Excerpts from a dataset:
=======

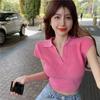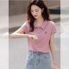 Polo Rosa Algodón Puro Mujer 2025 Primavera y Verano Nuevo Estilo Estampado Ropa de Trabajo Básica Casual Slim Trendy Top
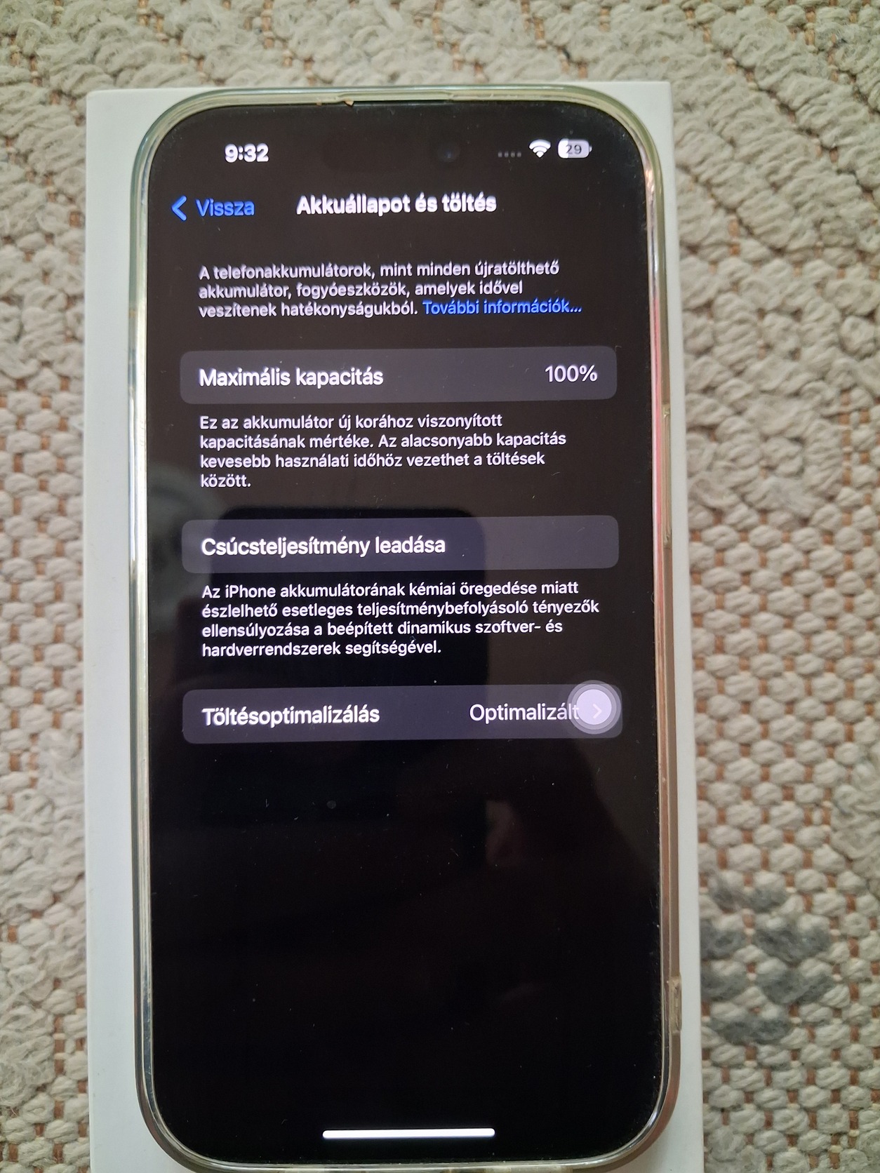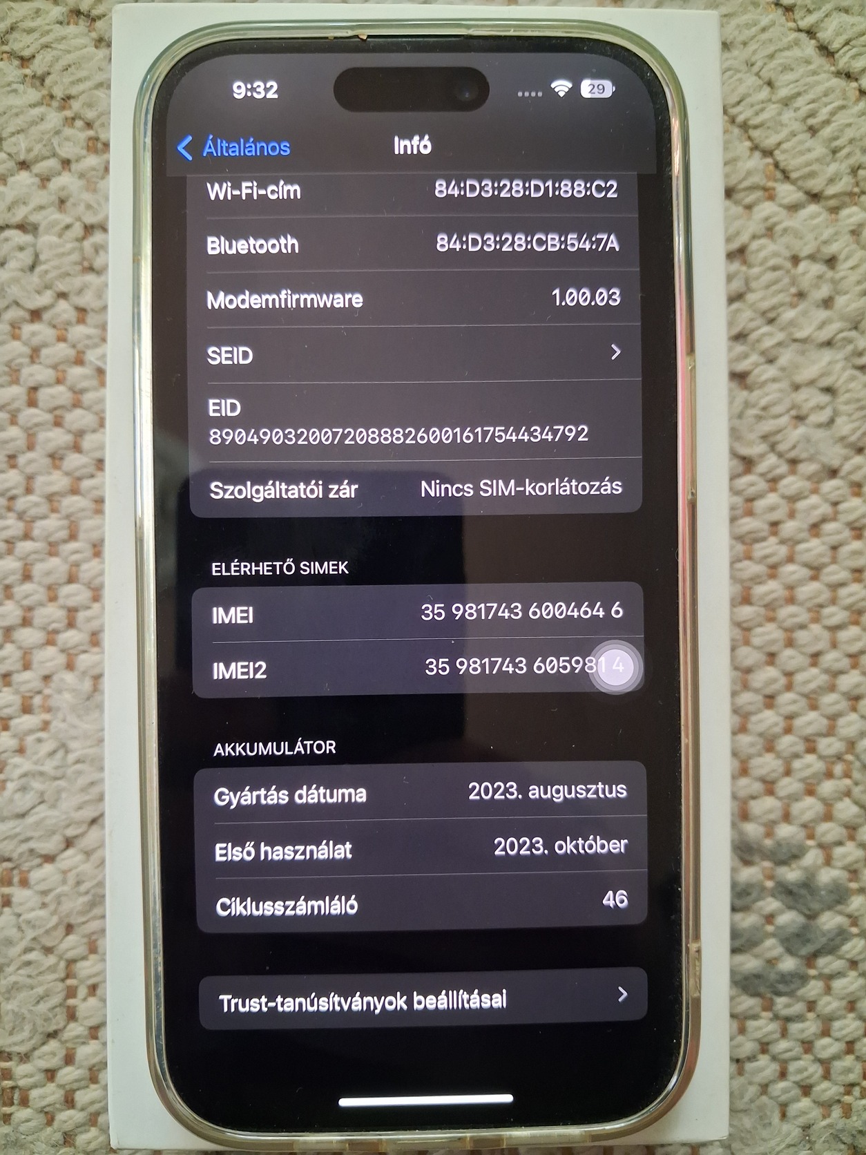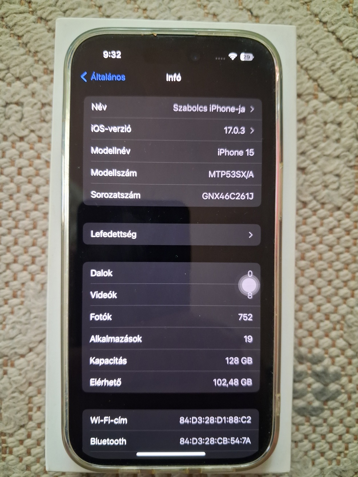 Akkuban összssen 46 ciklus, a szobát, sőt az ágyat sosem hagyta el, egyébként dobozában pihent, feltöltve, kikapcsolva, néha megjáratva! Teljesen új a telefon, és ebben nincsen semmi túlzás! Konkrétan még a szoftvere sem volt sose frissítve, az az ios 17 van rajta amivel debütált!
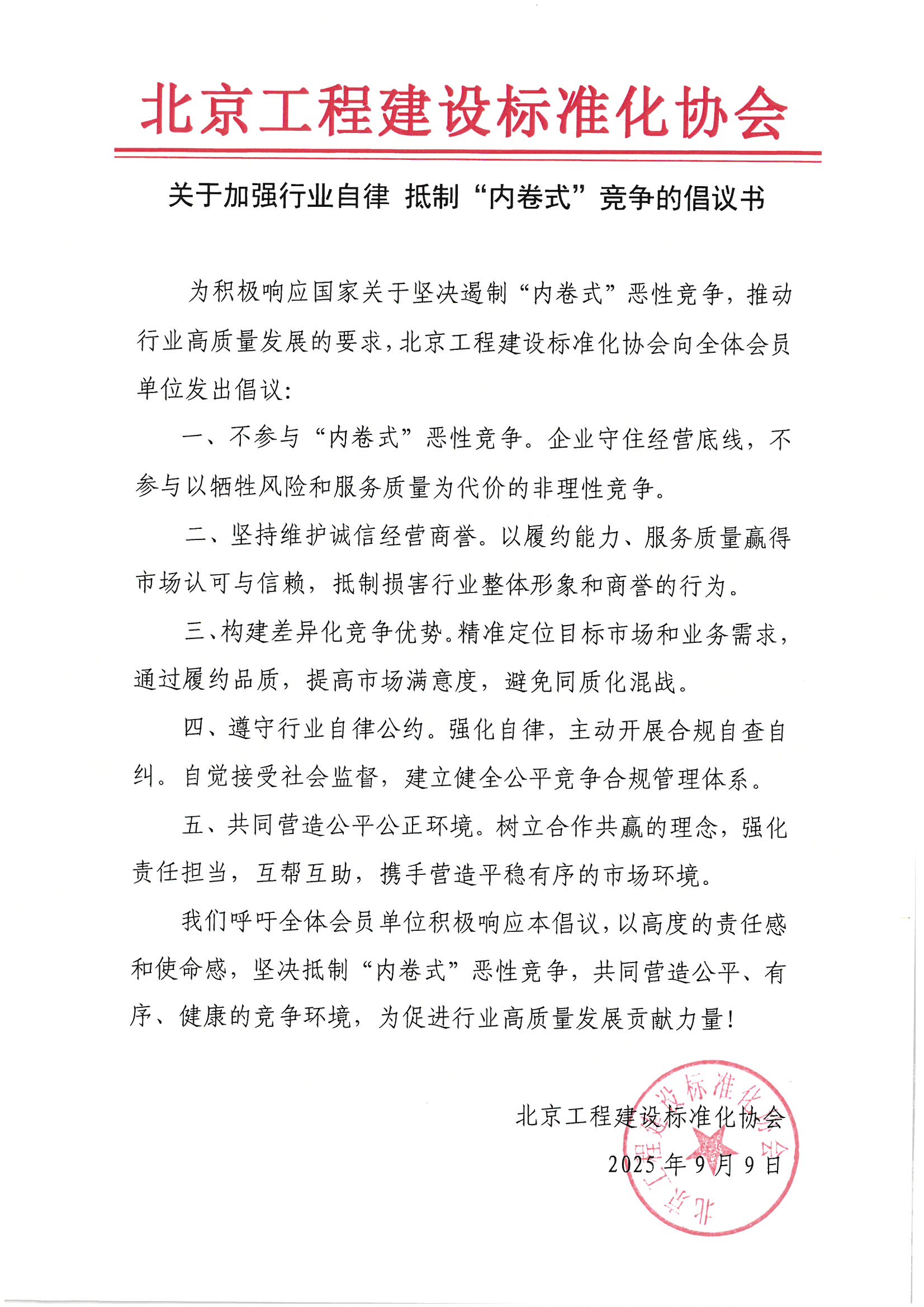 关于加强行业自律 抵制“内卷式”竞争的倡议书
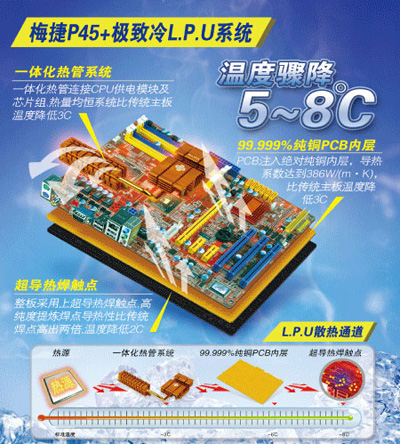 通過一體化熱管系統(tǒng),99.999%純銅PCB內(nèi)層,超導(dǎo)熱焊觸點(diǎn),經(jīng)過三者的完美結(jié)合,讓梅捷主板具備了高散熱效能,主板的溫度比傳統(tǒng)主板低5-8°C。
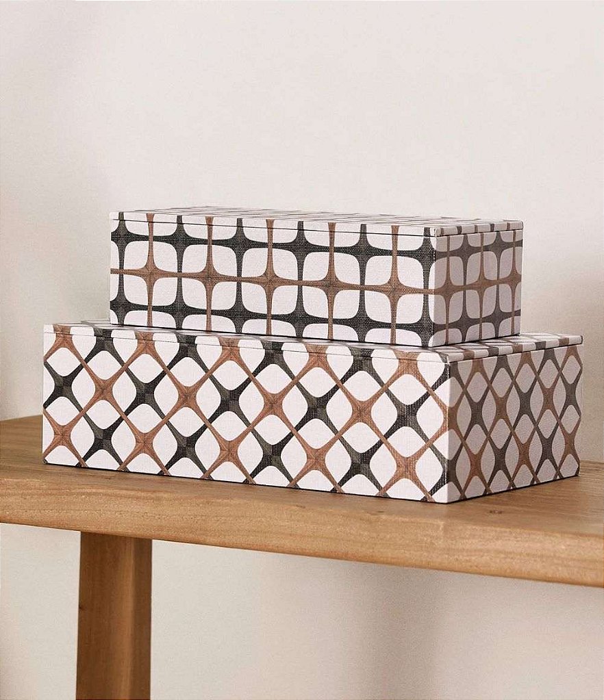Caixas Decorativas e Organizadoras em MDF e Canvas Modelo Retro (2 peças)
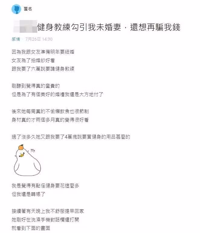 然而,女友過沒多久又開口要4萬塊錢,說是要買健身用品;儘管他覺得不太對勁,仍乖乖轉賬,「直到有天晚上我不舒服提早回家,她剛好在洗澡,而手機對話欄是打開的,我就看到下面的畫面。」
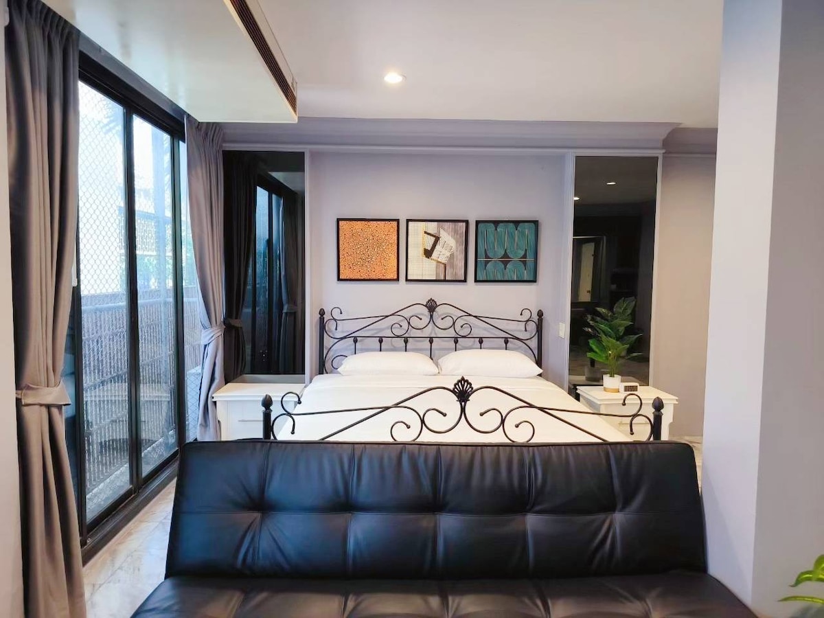 La habitación tipo loft. Es apto para 2 hasta 3 personas con cama supletoria. Puedes disfrutar de toda la habitación. Esta habitación está en el segundo piso del edificio en Rama4, Pathumwan, que es de fácil acceso a la carretera Banthat Thong (mucha comida callejera) en unos minutos a pie. Siam Square, MBK y China Town también están a poca distancia a pie. Dusit Central Park y Lumpini Park están a solo 2 paradas en MRT. También puedes disfrutar de un ambiente relajante en Centenary Park, a un paseo muy corto.
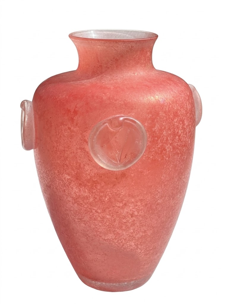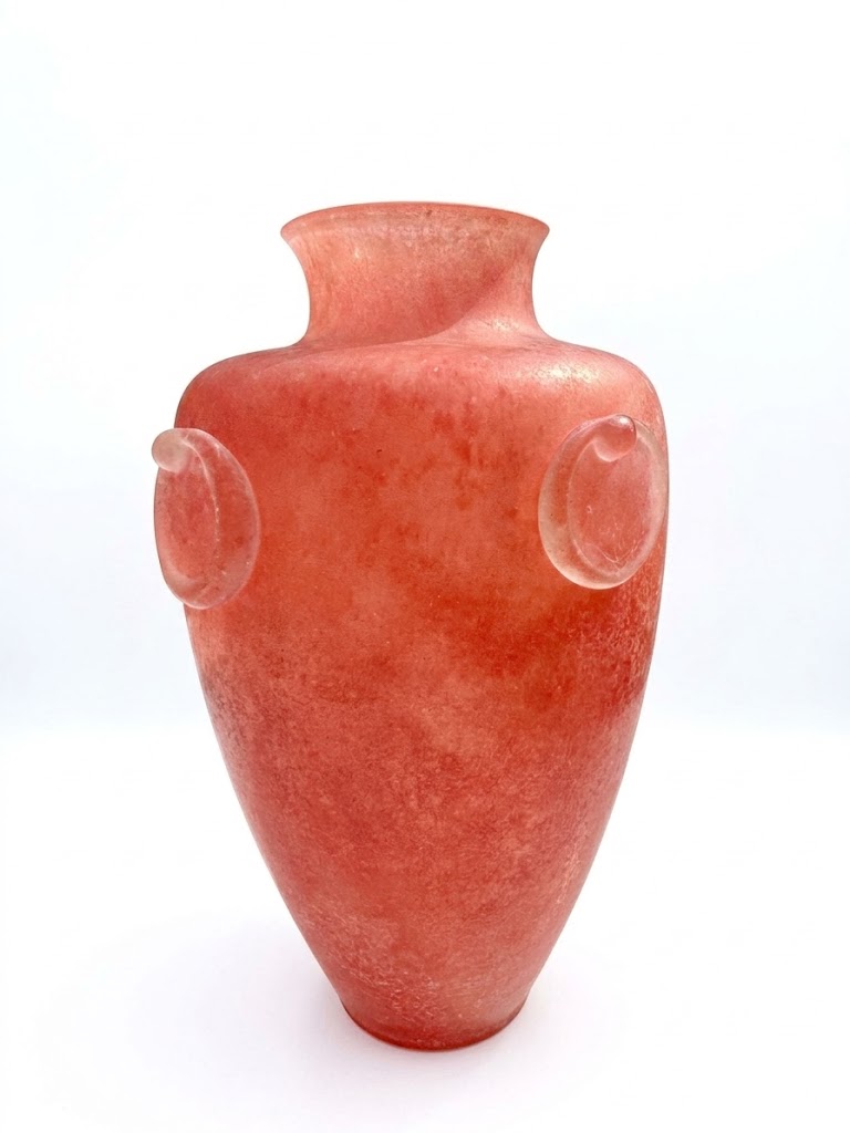 The Scavo Finish: The exterior has been treated with chemical salts and heat (or acid etching) to create a matte, pitted texture. This mimics the “weathered” look of glass that has been buried underground for centuries. Despite the matte finish, the glass retains a luminous quality, allowing light to pass through the body and highlight the variegated, almost “mottled” internal coloring.
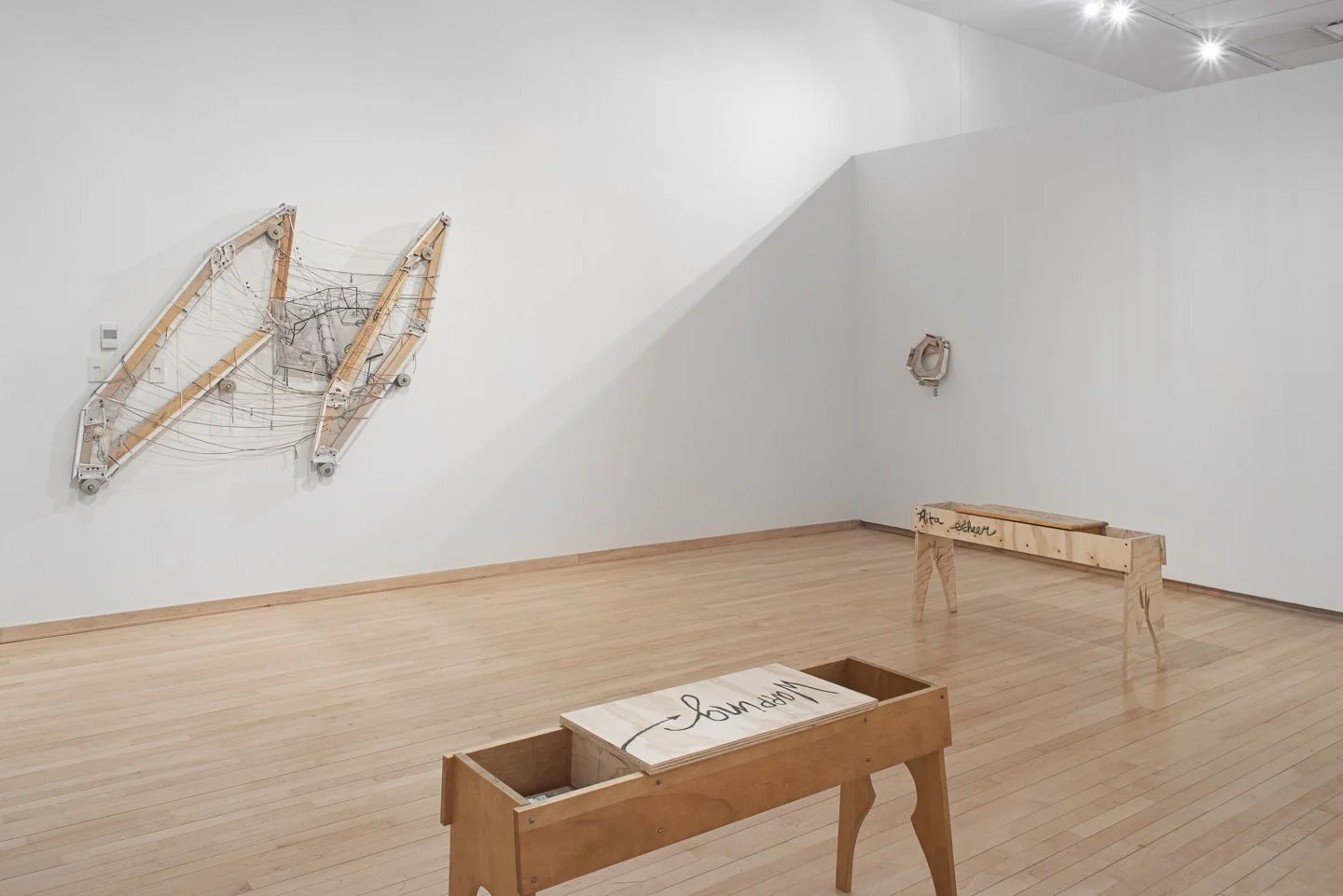 Loomhouse Drawing Installation View Two stretcher bars, drawing (graphite on mylar), powerline insulators, handwoven cloth hinges, wooden brackets, stencils used to make brackets, and yarn. 72” by 60” by 5”. Photo credit: Neighboring States. Outside Edge Installation View Stretcher bar (scraps) and four wooden brackets. 10” by 12” by 5”. Photo credit: Neighboring States.
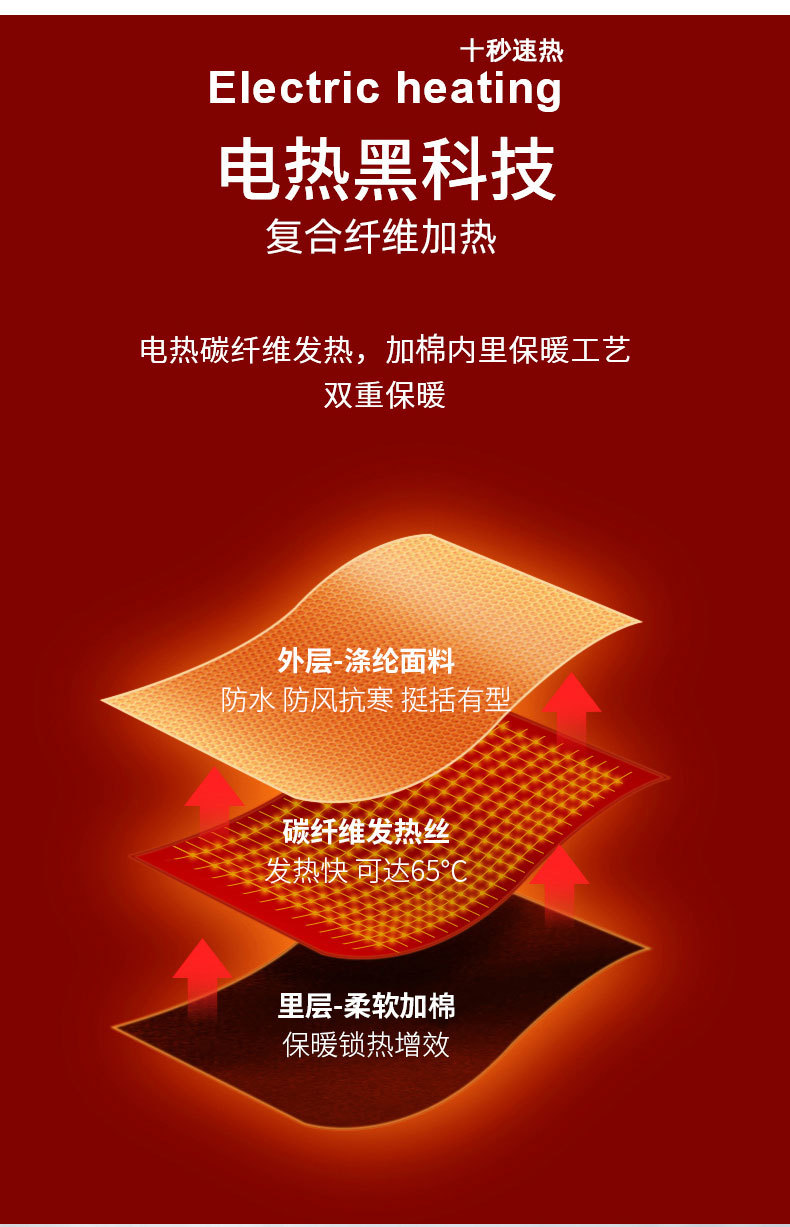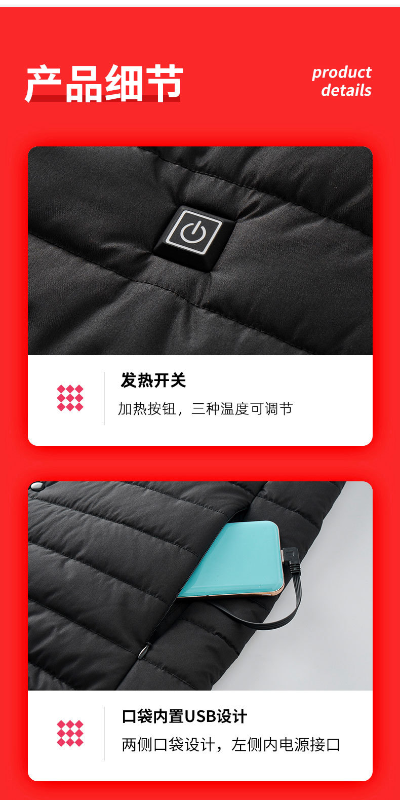 发热马甲背心智能恒温石墨烯加热棉马甲坎肩usb充电热潮流

=======

▶ [Task description] Provide the lines again, unchanged, from where the data above begins through the line containing "然而,女友過沒多久又開口要4", both ends included, omitting pictures and adding nothing.

▶ [The answer]
 Polo Rosa Algodón Puro Mujer 2025 Primavera y Verano Nuevo Estilo Estampado Ropa de Trabajo Básica Casual Slim Trendy Top
 Akkuban összssen 46 ciklus, a szobát, sőt az ágyat sosem hagyta el, egyébként dobozában pihent, feltöltve, kikapcsolva, néha megjáratva! Teljesen új a telefon, és ebben nincsen semmi túlzás! Konkrétan még a szoftvere sem volt sose frissítve, az az ios 17 van rajta amivel debütált!
 关于加强行业自律 抵制“内卷式”竞争的倡议书
 通過一體化熱管系統(tǒng),99.999%純銅PCB內(nèi)層,超導(dǎo)熱焊觸點(diǎn),經(jīng)過三者的完美結(jié)合,讓梅捷主板具備了高散熱效能,主板的溫度比傳統(tǒng)主板低5-8°C。
Caixas Decorativas e Organizadoras em MDF e Canvas Modelo Retro (2 peças)
 然而,女友過沒多久又開口要4萬塊錢,說是要買健身用品;儘管他覺得不太對勁,仍乖乖轉賬,「直到有天晚上我不舒服提早回家,她剛好在洗澡,而手機對話欄是打開的,我就看到下面的畫面。」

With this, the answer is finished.